_Aim of the exercise_
Output, verbatim and without pictures, the lines from the first line of the listing through the line containing "Linen mix. Straight".

_Data to examine_
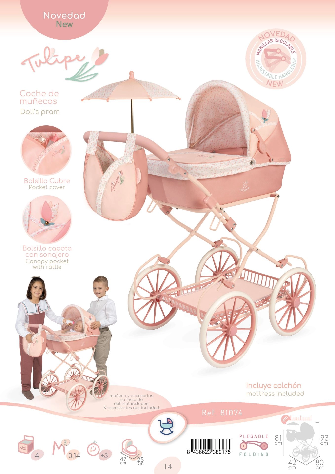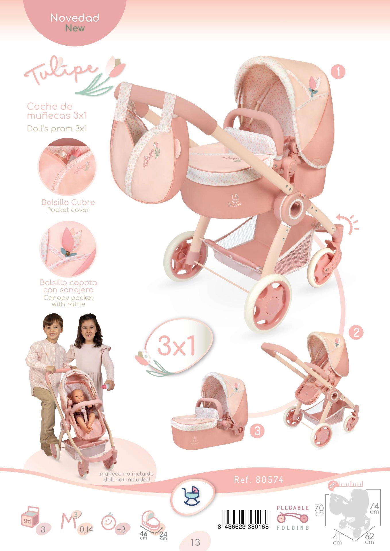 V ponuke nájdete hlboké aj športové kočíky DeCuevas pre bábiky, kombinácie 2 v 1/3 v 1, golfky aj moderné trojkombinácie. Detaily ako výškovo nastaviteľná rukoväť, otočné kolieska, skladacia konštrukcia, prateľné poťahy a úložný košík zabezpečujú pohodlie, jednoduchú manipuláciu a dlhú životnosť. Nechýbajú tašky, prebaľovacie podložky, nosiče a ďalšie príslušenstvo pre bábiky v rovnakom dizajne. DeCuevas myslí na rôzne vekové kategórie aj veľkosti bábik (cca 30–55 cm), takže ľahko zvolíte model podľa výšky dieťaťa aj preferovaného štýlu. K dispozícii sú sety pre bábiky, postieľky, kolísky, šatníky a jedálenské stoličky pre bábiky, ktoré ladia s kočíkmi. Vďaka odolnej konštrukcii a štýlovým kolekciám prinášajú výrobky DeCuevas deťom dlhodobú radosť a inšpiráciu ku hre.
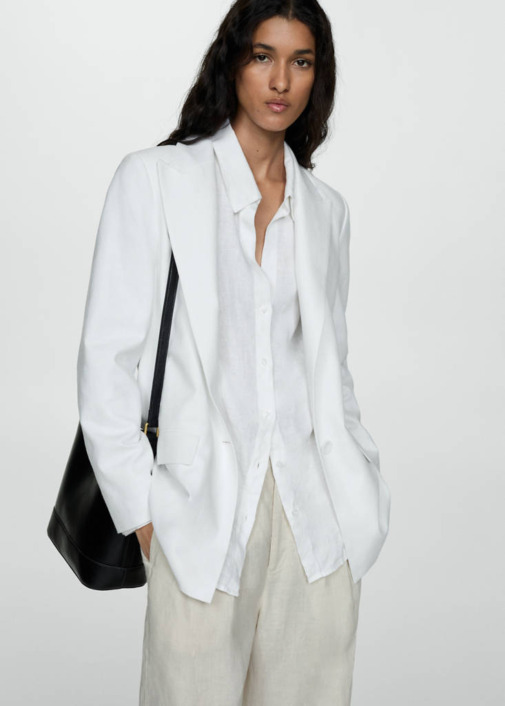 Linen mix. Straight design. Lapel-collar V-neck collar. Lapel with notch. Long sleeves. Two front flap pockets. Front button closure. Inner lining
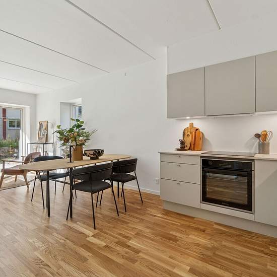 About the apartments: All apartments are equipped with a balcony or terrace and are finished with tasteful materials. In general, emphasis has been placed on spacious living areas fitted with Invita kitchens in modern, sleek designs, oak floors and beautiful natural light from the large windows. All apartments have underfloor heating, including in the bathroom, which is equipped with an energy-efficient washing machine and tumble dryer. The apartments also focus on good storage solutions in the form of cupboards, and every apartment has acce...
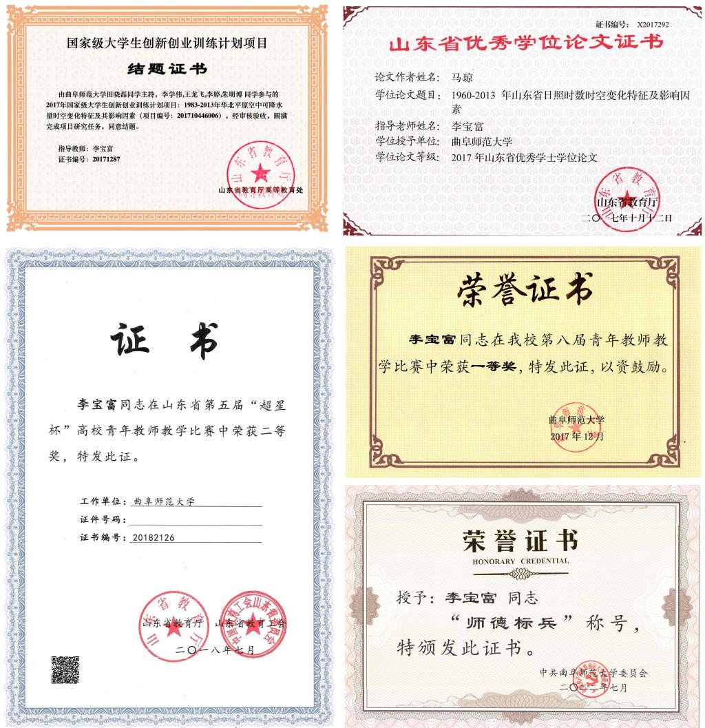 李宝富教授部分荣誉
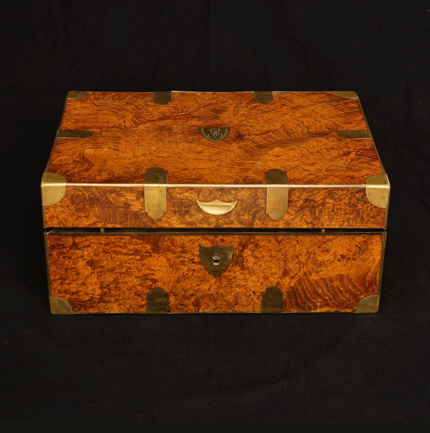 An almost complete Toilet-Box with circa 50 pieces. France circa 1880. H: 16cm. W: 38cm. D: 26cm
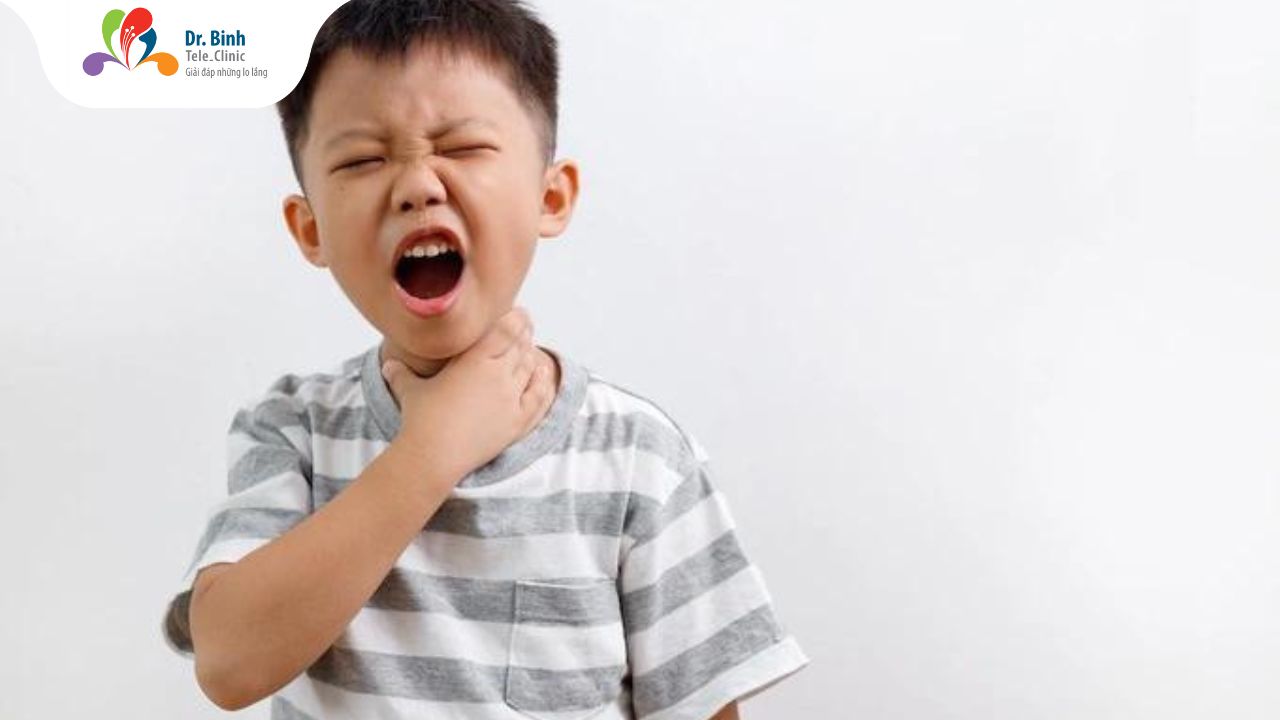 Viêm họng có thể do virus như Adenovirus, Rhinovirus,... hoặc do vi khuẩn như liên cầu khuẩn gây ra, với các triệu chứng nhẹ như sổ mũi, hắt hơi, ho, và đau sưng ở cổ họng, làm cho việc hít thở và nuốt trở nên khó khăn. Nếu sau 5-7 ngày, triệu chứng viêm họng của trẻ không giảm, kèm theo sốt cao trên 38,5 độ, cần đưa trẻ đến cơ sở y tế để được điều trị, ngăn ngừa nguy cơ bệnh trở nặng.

_Reply_
 V ponuke nájdete hlboké aj športové kočíky DeCuevas pre bábiky, kombinácie 2 v 1/3 v 1, golfky aj moderné trojkombinácie. Detaily ako výškovo nastaviteľná rukoväť, otočné kolieska, skladacia konštrukcia, prateľné poťahy a úložný košík zabezpečujú pohodlie, jednoduchú manipuláciu a dlhú životnosť. Nechýbajú tašky, prebaľovacie podložky, nosiče a ďalšie príslušenstvo pre bábiky v rovnakom dizajne. DeCuevas myslí na rôzne vekové kategórie aj veľkosti bábik (cca 30–55 cm), takže ľahko zvolíte model podľa výšky dieťaťa aj preferovaného štýlu. K dispozícii sú sety pre bábiky, postieľky, kolísky, šatníky a jedálenské stoličky pre bábiky, ktoré ladia s kočíkmi. Vďaka odolnej konštrukcii a štýlovým kolekciám prinášajú výrobky DeCuevas deťom dlhodobú radosť a inšpiráciu ku hre.
 Linen mix. Straight design. Lapel-collar V-neck collar. Lapel with notch. Long sleeves. Two front flap pockets. Front button closure. Inner lining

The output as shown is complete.